Posted: Saturday, October 14, 2006
By: Ray Tate



Writers: Kurt Busiek and Roger Stern
Artists: James Fry, David Curiel(c)
Publisher: Dynamite

This was in hindsight a no-brainer. Somebody, including the creator himself Sam Raimi, should have thought to do a crossover between his two heroic characters: Dr. Peyton Westlake a.k.a. Darkman and Ash Williams, the chainsaw handed chopper of demons from the Evil Dead films.

Kurt Busiek and Roger Stern combine forces to scribe a fun romp that accurately in dialogue captures the performances of Liam Neeson and Bruce Campbell. Liam Neeson for those not in the know embodied Darkman before portraying Schindler.

The plot in Darkman vs. Army of Darkness makes sense. Darkman's former fiancée Julie, a lawyer, with her assistant Brynne finds herself cataloging an estate, which happens to include the infamous Necronomicon. Curiosity gets the better of the two ladies. Before you can say hocus-pocus, Julie inadvertently speaks a spell that results in a demonic force possessing the entire city. Enter Darkman.

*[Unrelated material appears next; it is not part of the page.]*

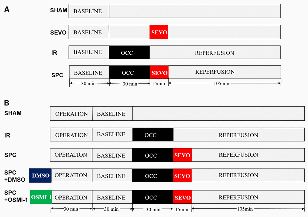 Rats were randomly divided into four groups: SHAM group, SEVO group, IR group and SPC group. Except the SHAM and SEVO groups, each rat was subjected to 30 min of LAD occlusion, followed by 2 h of reperfusion. In the SEVO group, the rats received 1.0 minimum alveolar concentration (MAC) sevoflurane (2.4% sevoflurane, 37° C) for 15 min without occlusion. Sevoflurane (Maruishi Pharmaceutical Co, Chuoku, Osaka, Japan) was added to the inspired gas starting 1 min before reperfusion to achieve the concentration at 1.0 MAC. In the SPC group, after 30 min of LAD occlusion, the rats inhaled 1.0 MAC sevoflurane for 15 min starting from the end of ischemia until 15 min after reperfusion, then reperfusion the hearts for 105 min. The experimental design is shown in Figure 8A.

Busiek and Stern within a basically simple plot bring in some fun little twists. For instance, Darkman is not an urban legend to Julie. Julie does not deny what happened to them in the first movie, and she has informed Brynne. This allows for a very cute exchange of dialogue between Darkman and Brynne and foreshadows a very beautifully written and superbly drawn scene reaching the potential of sympathy we have for Dr. Westlake. James Fry worked with Busiek on The Liberty Project, and it's nice to see that this good artist has become even better, especially with the added dimension of color, courtesy of Curiel, and all the technology behind the hues.

Darkman and Brynne next use The Book of the Dead to call upon "a legendary hero" to fight the demons. Enter Ash. Before the book leads to the cliffhanger, Busiek and Stern tempt the reader with some funny repartee between the good doctor and the good chopper. Darkman vs. the Army of Darkness promises to be a rollicking good time and shouldn't be missed by any fan of Sam Raimi's works or supernatural super-heroing.